После признания Светланы Никой овладел страх. Он был беспричинен, точнее, суть его лежала в законах бытия, в смертности человека и в том, как много можно не успеть сказать и сделать, прежде чем любимый человек уйдет навсегда. Ника смотрела на Кирилла с тоской, гадая, поймет ли, если когда-то увидит его в последний раз, почувствует ли, что вот это и есть прощание. Нет, конечно, не почувствует, никто не чувствует. Все говорят «счастливо!» и уходят навсегда.

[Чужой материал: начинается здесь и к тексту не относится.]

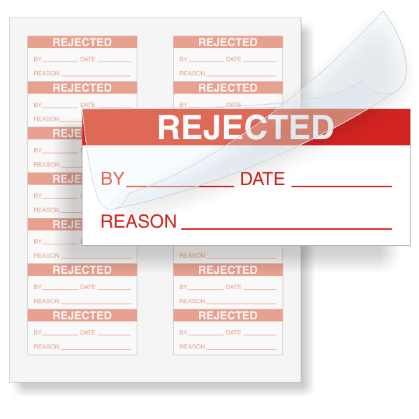 Effectively mark rejected items with a label that seals in your written message. Write on this REJECTED label and fold over a self-laminating seal for protection.
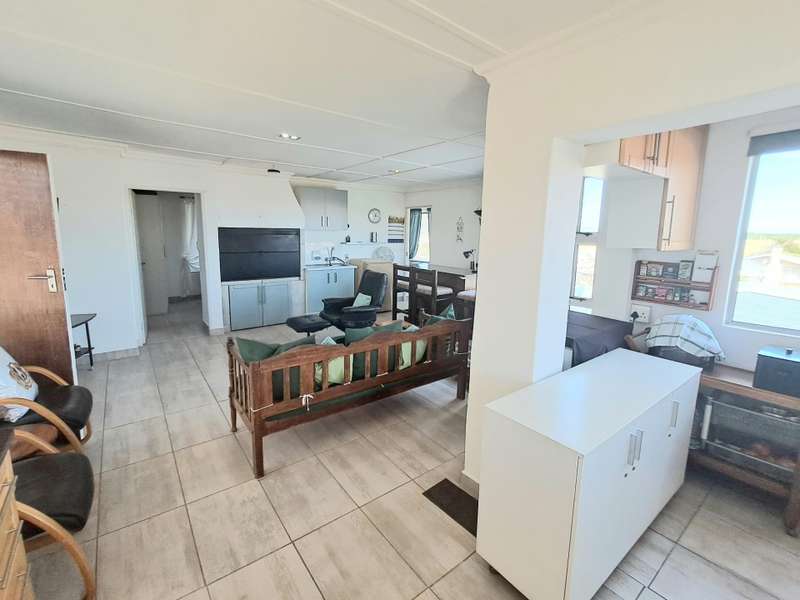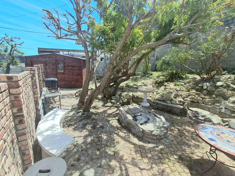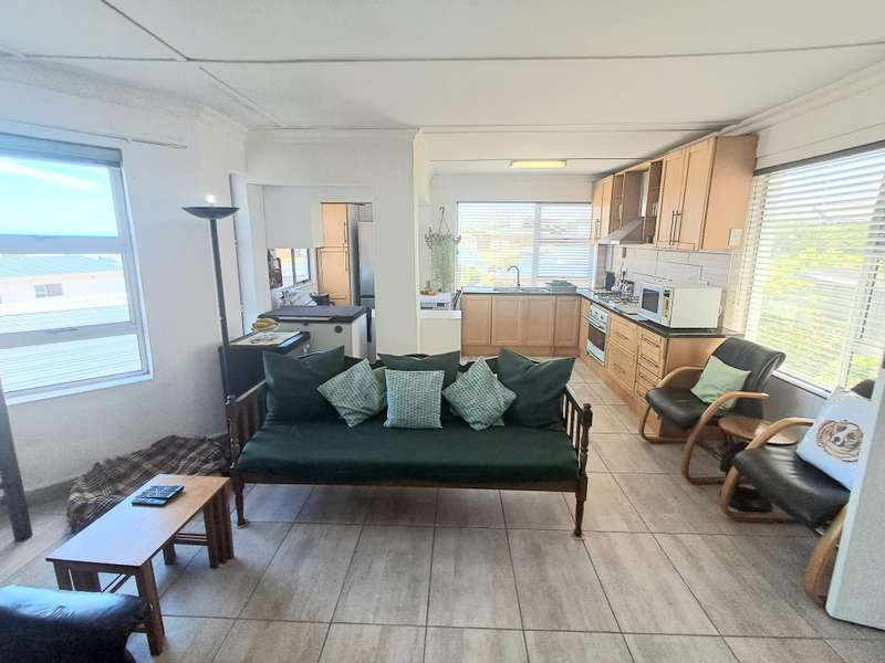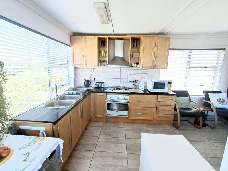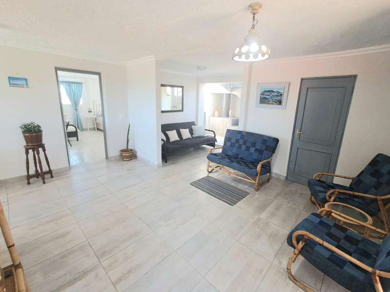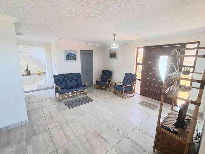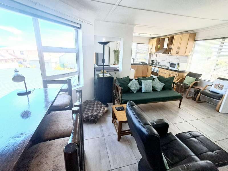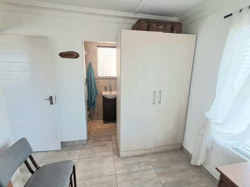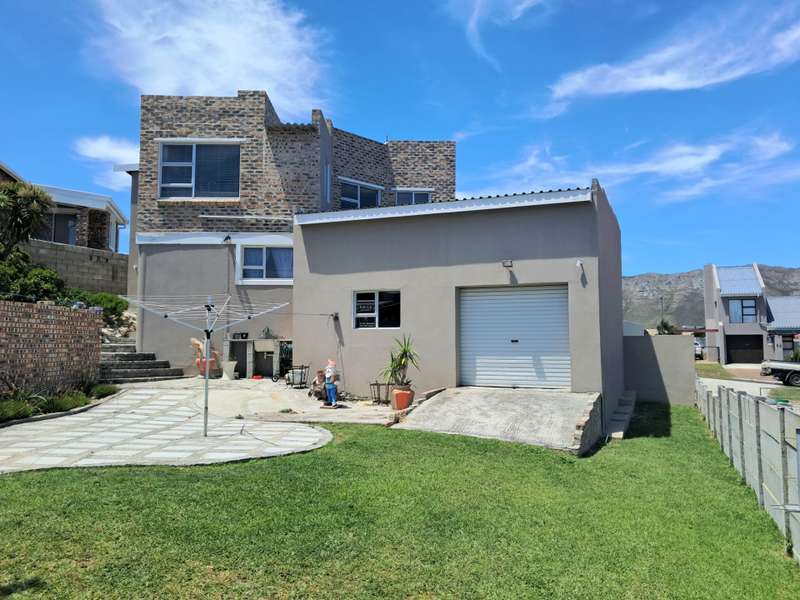 This well maintained and spacious four bedroom home is in an immaculate condition. This house can be a starter or retirement home or a lock up and go holiday home. The ground floor comprises a living area with kitchenette and access to the spacious "drive through" double garage with workshop space. Two bedrooms and separate shower/toilet. The main bedroom is above average size. To the first floor is an open plan living area with built in braai and fitted kitchen (gas hob/ electric oven). Two bedrooms, each with en suite. Main bedroom with open plan bathroom & toilet, and the second bedroom with shower & toilet. From the first floor are distant sea views looking west with mountain views to the east. The property is enclosed at the rear with a spacious garden including a braai pit and Wendy House. Alarm and beams.
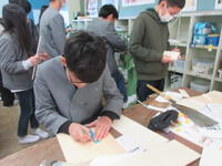 2024年12月5日 12時30分 今日12月5日(木)の2・3校時、6年1組の子どもたちが、図画工作科「一枚の板から」に取り組んでいました。
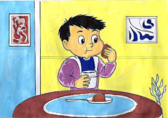 Когда Витя вернулся из ванной, мама поставила на стол стакан молока и шоколадное пирожное.
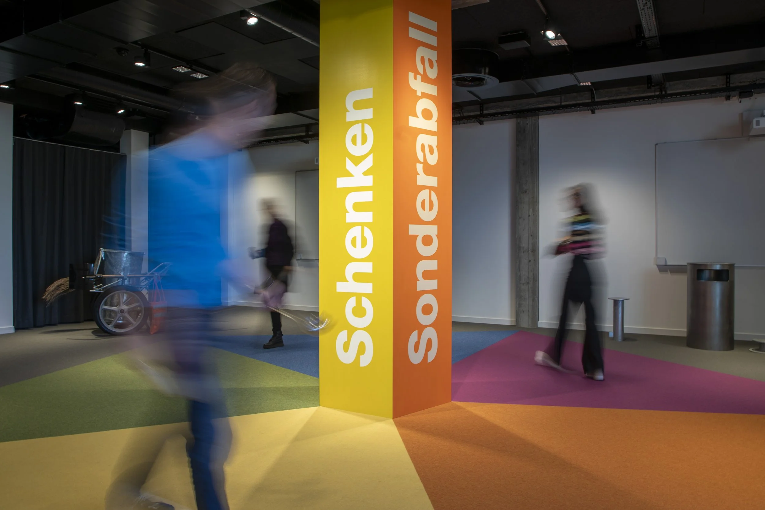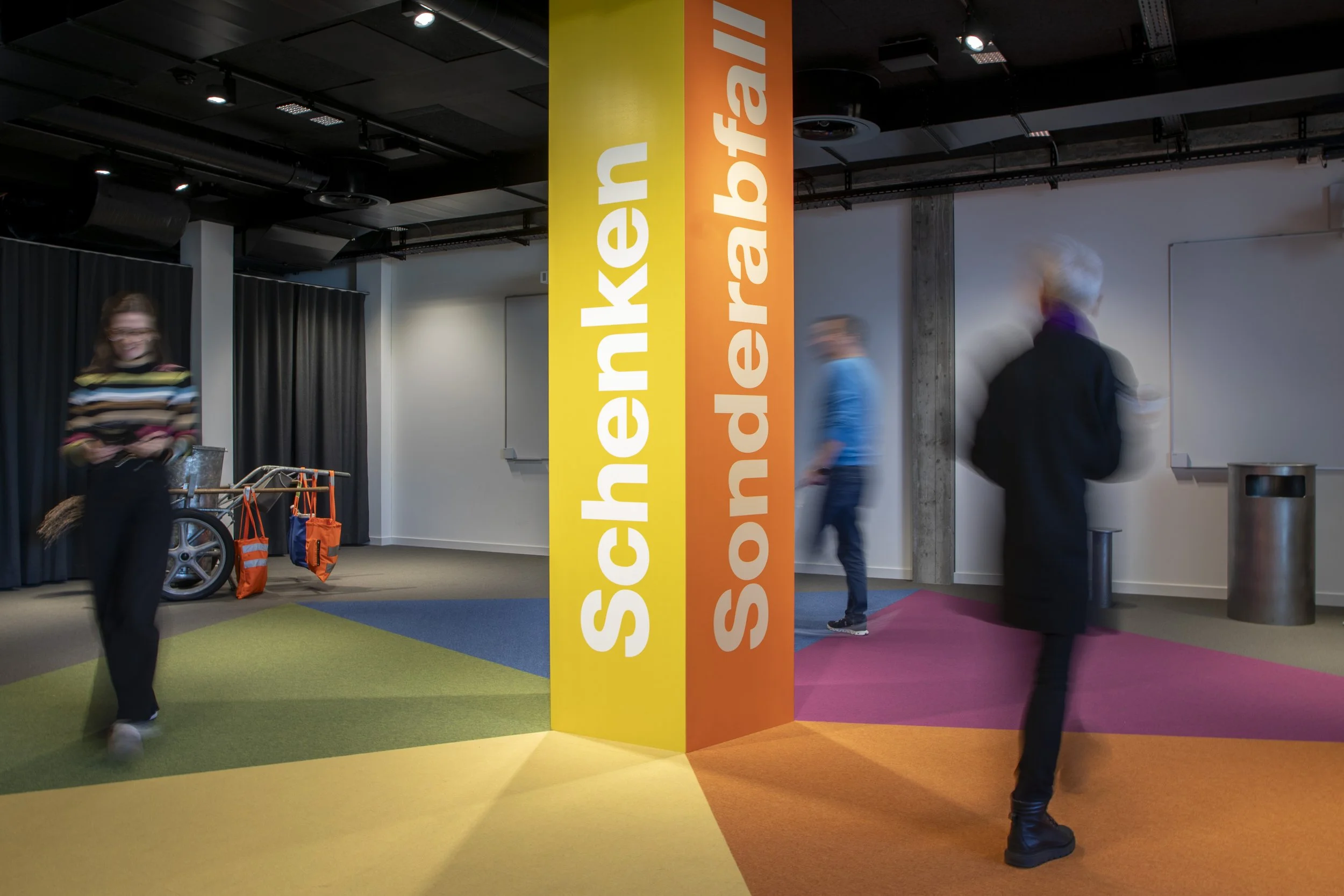 Durch klare, einfache szenografische Eingriffe wurde eine neue Atmosphäre geschaffen. Die Räume überzeugen durch ein schlichtes, farbiges und elegantes Design – und durch ein Konzept, das Recycling nicht nur thematisiert, sondern auch in der Ausführung sichtbar macht:
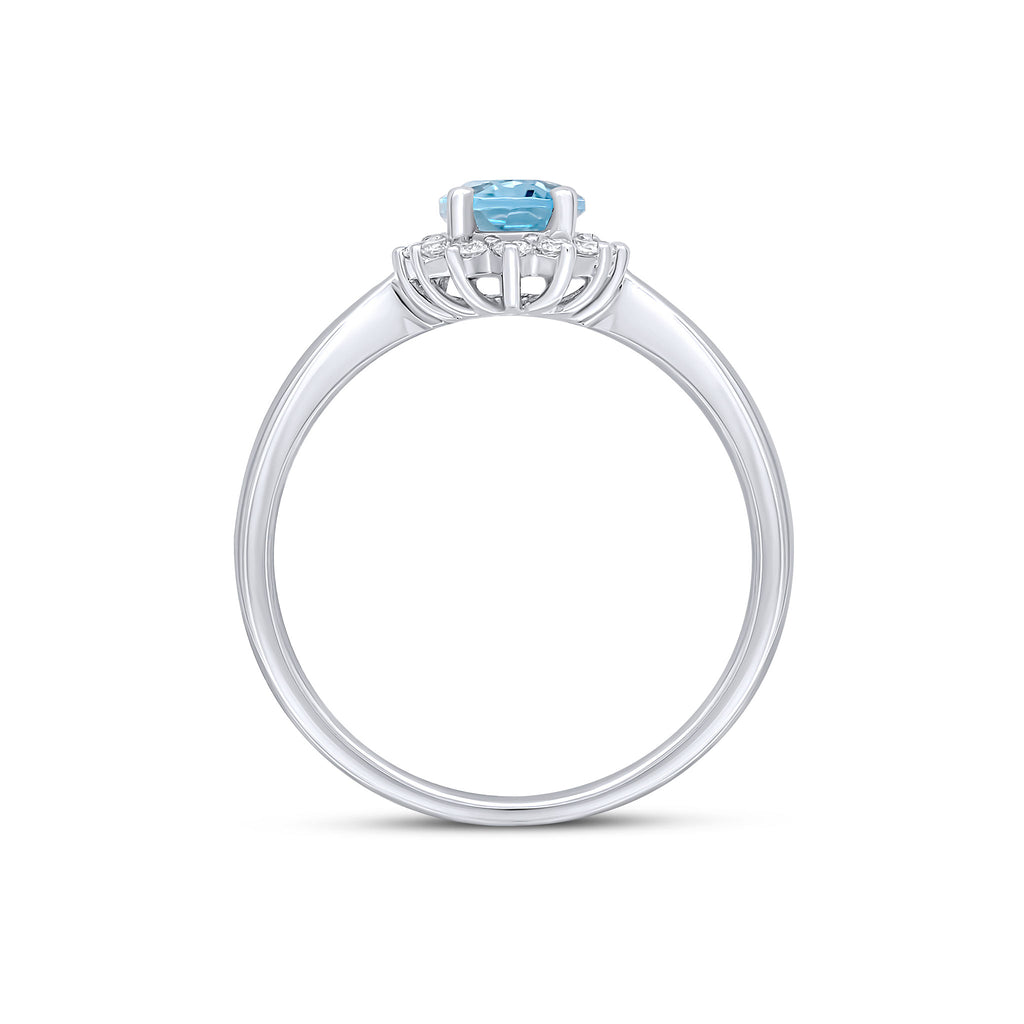 18CT White Gold Oval Aquamarine & Diamond Claw Set Cluster Ring 7x5mm

Вот он склонился, чтобы перевязать вокруг голени хлястики своих греческих сандалий потуже в тот самый момент, когда она оказалась неподалеку. И ноги сами понесли ее к нему. Замедлив шаг, она всего мгновение боролась с желанием протянуть руку, положить ладонь на его затылок, эти спутанные волосы, вьющиеся и темные, провести пальцами по трогательному завитку у шеи. Заставить его ощутить ее прикосновение, одно-единственное. Оставить на этой растрепанной прическе свою незримую, невесомую печать. Нельзя… Вот он, ее удел, протягивать руку и отдергивать, прежде чем увидит кто-то – или он. Ника прошла мимо и, лишь дойдя до конца коридора, осознала, что здесь ей ничего не нужно.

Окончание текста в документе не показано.